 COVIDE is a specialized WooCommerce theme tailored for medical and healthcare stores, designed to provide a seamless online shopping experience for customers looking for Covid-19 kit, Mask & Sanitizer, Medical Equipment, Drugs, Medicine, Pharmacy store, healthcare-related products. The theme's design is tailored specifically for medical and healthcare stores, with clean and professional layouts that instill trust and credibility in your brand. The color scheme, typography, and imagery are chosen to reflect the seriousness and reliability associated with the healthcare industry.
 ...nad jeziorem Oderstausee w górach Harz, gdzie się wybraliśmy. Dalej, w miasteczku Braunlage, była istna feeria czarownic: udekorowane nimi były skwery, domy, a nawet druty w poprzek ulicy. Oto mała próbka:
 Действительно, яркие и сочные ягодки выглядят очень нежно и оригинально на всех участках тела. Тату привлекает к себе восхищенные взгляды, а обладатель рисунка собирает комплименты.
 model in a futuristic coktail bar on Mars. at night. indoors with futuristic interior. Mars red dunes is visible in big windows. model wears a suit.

------------------------------------

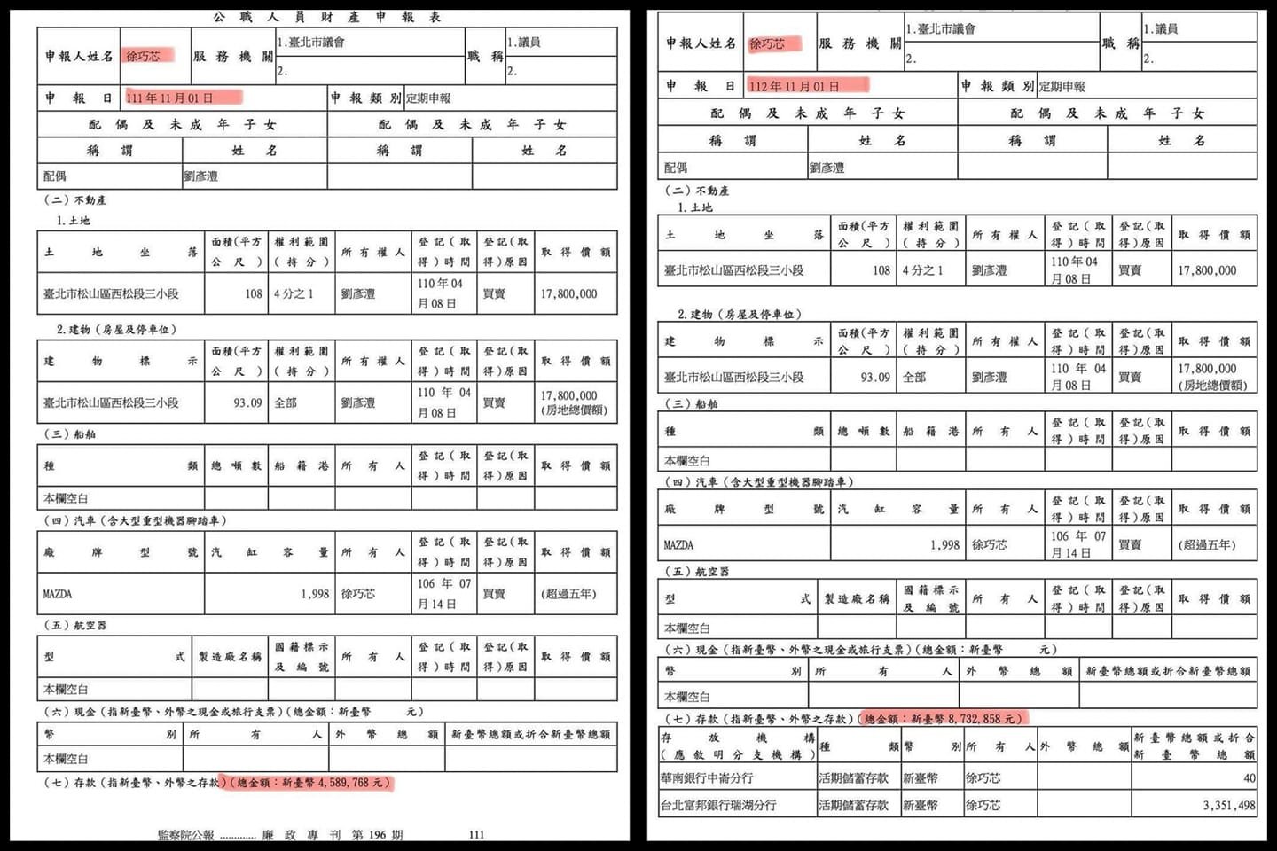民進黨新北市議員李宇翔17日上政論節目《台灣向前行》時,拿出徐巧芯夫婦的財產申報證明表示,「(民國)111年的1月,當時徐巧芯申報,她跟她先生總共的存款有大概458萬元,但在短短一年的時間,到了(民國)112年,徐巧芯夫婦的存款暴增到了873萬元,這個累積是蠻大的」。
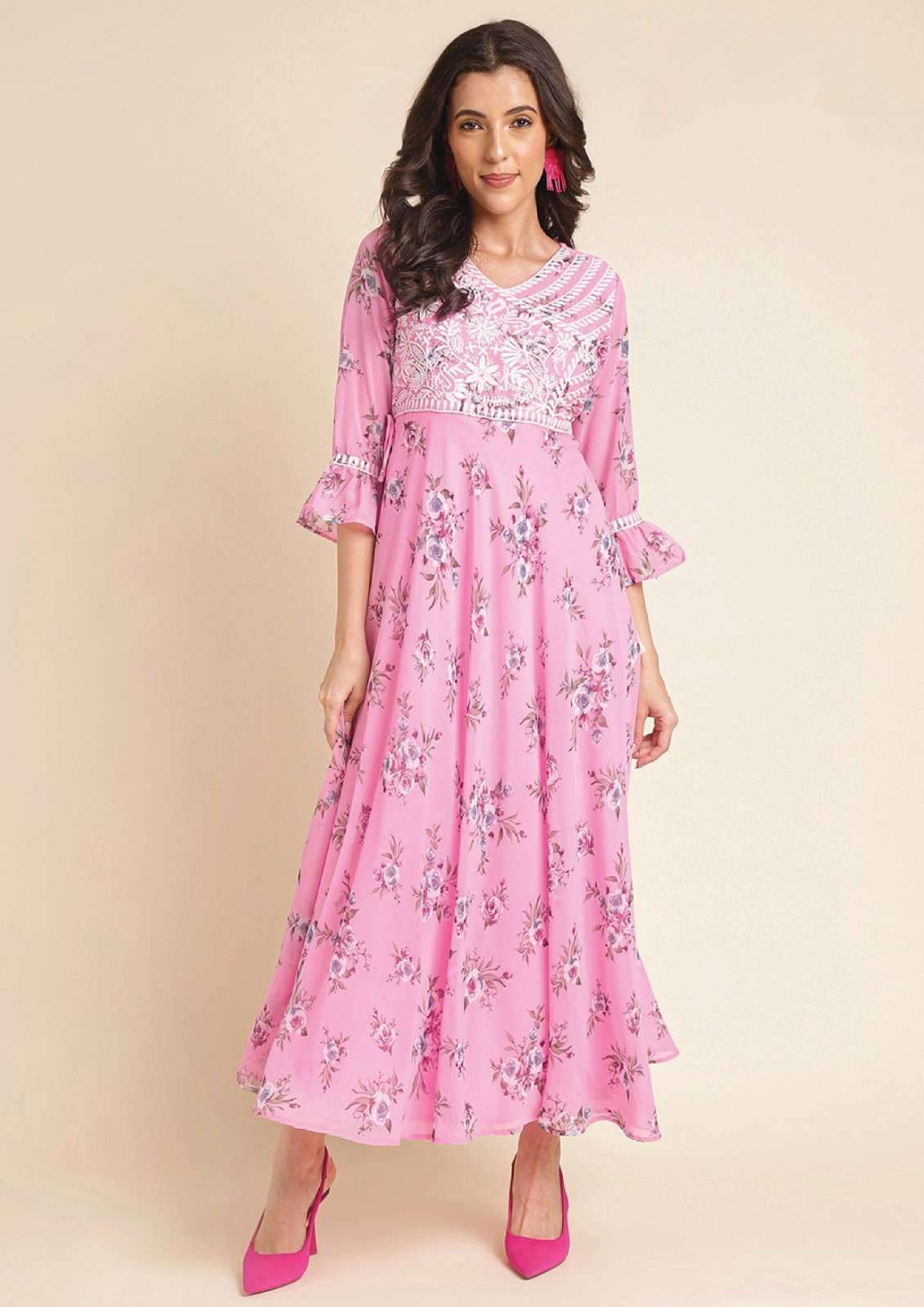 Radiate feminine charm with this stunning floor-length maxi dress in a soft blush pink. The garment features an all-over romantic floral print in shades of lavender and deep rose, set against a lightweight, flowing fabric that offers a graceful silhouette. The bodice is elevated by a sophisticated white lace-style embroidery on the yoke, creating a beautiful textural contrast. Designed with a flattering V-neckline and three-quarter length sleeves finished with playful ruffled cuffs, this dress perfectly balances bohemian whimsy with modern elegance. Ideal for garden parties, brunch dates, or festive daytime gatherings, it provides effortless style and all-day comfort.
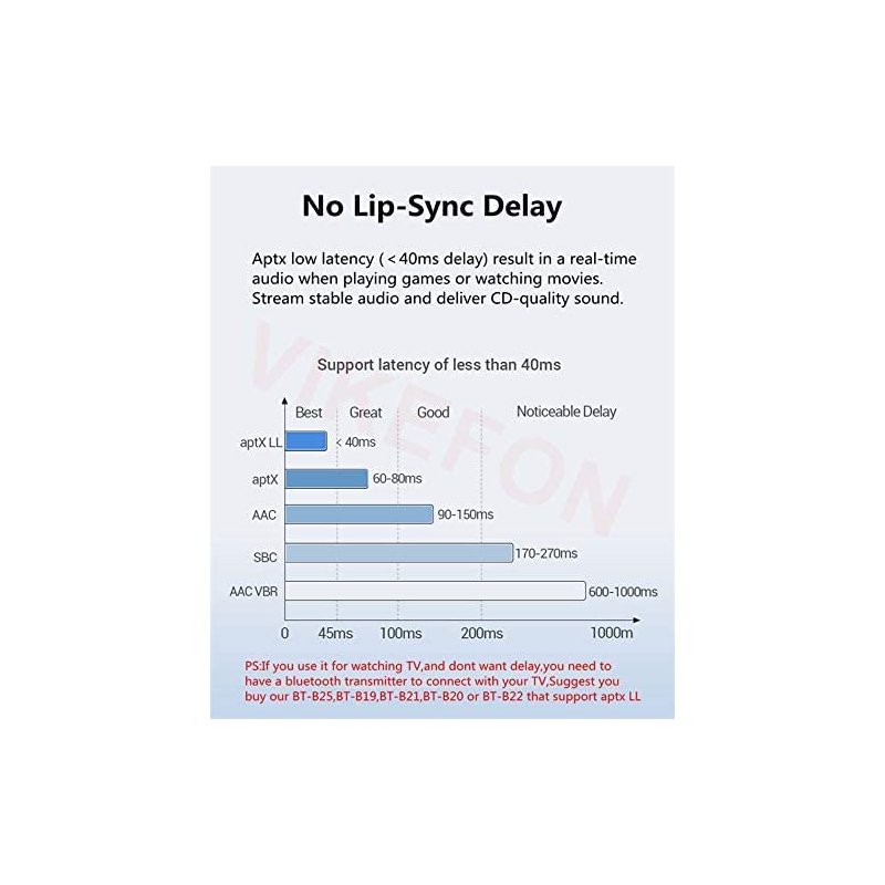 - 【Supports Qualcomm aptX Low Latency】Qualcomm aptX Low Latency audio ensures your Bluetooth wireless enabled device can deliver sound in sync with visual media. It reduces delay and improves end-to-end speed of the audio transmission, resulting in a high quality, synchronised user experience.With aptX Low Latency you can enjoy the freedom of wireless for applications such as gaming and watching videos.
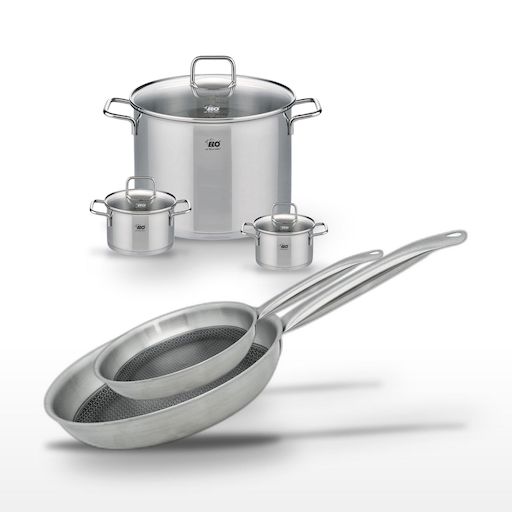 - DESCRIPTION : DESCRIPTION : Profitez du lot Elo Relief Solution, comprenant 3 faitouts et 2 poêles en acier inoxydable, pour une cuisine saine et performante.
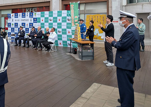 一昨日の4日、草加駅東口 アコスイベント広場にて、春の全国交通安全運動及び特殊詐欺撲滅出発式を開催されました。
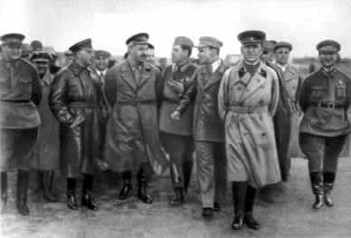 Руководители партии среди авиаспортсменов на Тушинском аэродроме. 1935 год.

------------------------------------

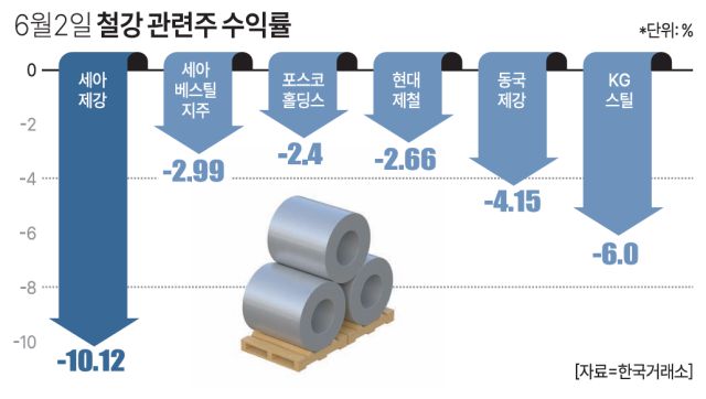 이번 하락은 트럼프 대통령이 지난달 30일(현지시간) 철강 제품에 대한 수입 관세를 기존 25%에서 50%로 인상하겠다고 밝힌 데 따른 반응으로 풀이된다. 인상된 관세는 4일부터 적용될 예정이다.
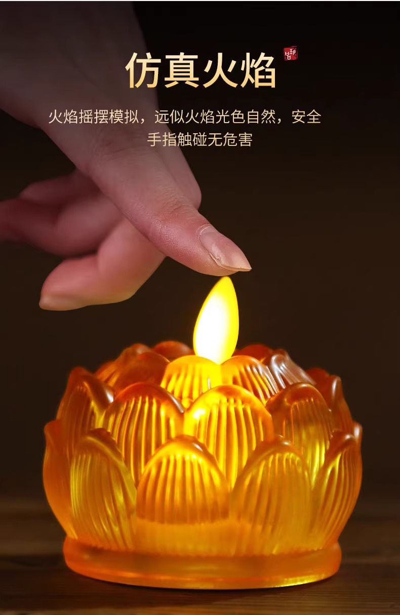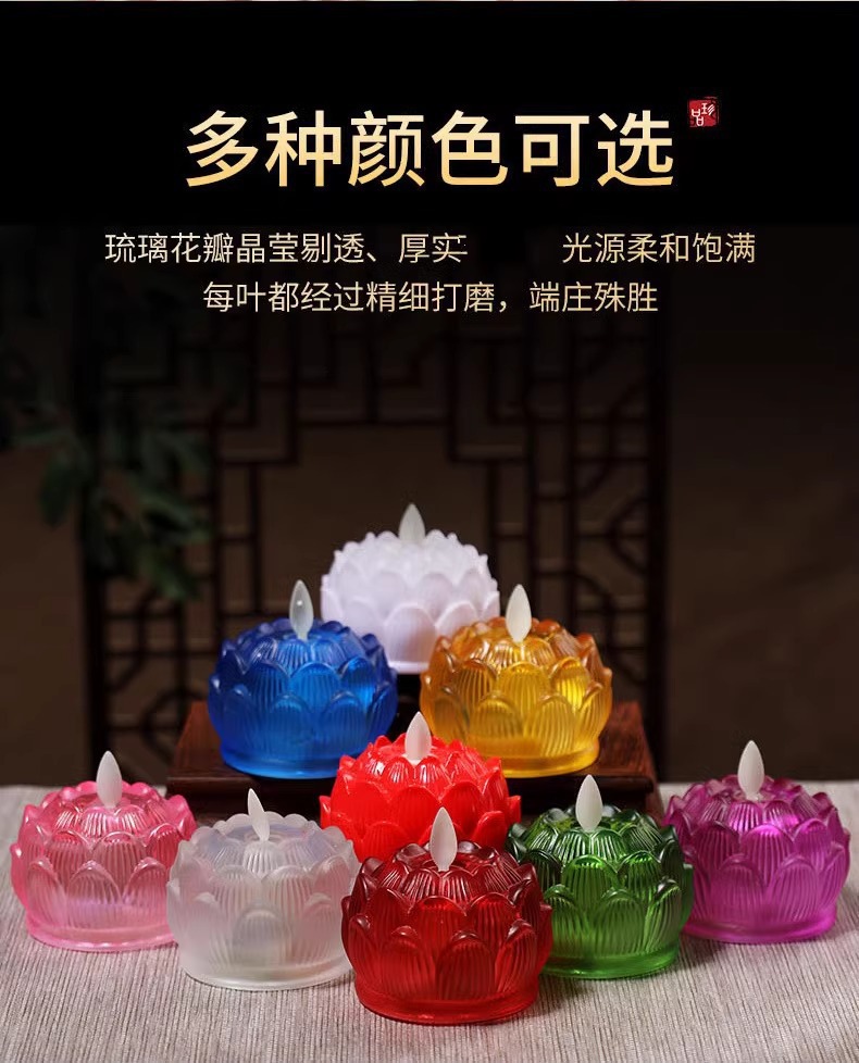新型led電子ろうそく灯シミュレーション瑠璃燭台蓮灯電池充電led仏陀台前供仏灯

------------------------------------

▶ _TASK DIRECTIONS_: Using the listing above, repeat word for word each line from the one with "- DESCRIPTION : DESCRIPTION" down to the one with "Руководители партии среди", both included. Omit all pictures.

▶ _ANSWER BOX_:
 - DESCRIPTION : DESCRIPTION : Profitez du lot Elo Relief Solution, comprenant 3 faitouts et 2 poêles en acier inoxydable, pour une cuisine saine et performante.
 一昨日の4日、草加駅東口 アコスイベント広場にて、春の全国交通安全運動及び特殊詐欺撲滅出発式を開催されました。
 Руководители партии среди авиаспортсменов на Тушинском аэродроме. 1935 год.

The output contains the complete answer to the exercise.